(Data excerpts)

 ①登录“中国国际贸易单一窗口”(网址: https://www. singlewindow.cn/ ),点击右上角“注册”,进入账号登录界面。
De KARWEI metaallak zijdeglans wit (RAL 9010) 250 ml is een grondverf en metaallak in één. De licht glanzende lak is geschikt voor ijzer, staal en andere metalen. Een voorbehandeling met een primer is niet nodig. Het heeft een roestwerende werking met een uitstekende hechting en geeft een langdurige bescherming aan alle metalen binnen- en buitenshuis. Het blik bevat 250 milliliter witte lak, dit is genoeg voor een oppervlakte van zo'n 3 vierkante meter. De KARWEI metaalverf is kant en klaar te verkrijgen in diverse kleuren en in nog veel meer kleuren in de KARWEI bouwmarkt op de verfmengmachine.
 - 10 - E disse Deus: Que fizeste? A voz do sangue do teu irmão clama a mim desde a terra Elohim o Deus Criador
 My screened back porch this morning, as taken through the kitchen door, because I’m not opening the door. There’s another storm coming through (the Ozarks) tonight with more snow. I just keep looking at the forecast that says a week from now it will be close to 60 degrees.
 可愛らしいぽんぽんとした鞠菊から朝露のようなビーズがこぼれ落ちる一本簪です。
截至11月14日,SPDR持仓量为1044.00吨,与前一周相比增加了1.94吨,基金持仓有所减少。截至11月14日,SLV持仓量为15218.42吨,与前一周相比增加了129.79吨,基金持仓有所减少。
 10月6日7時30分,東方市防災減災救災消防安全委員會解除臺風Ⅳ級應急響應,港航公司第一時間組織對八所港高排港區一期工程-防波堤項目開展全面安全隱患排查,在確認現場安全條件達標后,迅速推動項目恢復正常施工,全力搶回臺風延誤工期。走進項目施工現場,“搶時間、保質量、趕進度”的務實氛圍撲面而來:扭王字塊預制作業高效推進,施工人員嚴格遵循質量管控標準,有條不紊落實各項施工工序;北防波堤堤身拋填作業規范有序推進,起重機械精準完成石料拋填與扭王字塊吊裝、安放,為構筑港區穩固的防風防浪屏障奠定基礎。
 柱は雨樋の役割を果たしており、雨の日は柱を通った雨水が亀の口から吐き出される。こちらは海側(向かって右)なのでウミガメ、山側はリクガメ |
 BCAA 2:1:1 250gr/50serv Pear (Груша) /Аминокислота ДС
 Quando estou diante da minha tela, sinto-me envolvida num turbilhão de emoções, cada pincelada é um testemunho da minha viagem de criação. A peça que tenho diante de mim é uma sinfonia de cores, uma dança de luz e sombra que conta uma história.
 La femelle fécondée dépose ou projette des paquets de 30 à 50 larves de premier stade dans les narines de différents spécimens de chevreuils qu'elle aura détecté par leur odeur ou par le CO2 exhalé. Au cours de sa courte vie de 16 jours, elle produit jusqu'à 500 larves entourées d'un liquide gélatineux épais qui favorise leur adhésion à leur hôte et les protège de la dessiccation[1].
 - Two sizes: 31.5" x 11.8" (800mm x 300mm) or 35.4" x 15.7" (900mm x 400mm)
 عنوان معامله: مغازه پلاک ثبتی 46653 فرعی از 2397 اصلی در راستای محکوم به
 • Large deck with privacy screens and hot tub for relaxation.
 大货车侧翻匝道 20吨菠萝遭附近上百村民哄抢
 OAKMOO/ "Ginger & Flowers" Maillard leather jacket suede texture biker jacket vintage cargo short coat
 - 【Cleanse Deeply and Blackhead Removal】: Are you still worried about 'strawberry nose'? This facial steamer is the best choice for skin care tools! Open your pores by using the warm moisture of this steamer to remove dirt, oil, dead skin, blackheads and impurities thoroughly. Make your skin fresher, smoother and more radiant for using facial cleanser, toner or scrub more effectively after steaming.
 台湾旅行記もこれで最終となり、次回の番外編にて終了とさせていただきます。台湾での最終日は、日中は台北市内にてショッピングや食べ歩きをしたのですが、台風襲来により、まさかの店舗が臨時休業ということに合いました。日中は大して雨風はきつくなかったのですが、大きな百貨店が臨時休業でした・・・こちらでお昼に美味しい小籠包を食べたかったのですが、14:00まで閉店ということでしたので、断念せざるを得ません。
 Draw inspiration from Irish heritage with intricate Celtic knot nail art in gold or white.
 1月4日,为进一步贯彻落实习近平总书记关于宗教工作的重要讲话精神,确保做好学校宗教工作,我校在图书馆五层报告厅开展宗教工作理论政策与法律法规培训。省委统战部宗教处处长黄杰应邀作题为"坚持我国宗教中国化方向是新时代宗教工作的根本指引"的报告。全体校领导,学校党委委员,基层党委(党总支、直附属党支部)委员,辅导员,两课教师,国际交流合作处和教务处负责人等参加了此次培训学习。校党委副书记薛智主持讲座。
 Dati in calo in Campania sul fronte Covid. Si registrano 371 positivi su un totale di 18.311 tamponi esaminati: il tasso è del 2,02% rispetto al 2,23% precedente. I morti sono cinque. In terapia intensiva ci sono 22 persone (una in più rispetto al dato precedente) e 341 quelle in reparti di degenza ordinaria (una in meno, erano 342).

#### [TASK BRIEF]
Search the entries above for lines holding the string "more", then report only how many there are.

#### [SOLVED EXERCISE]
2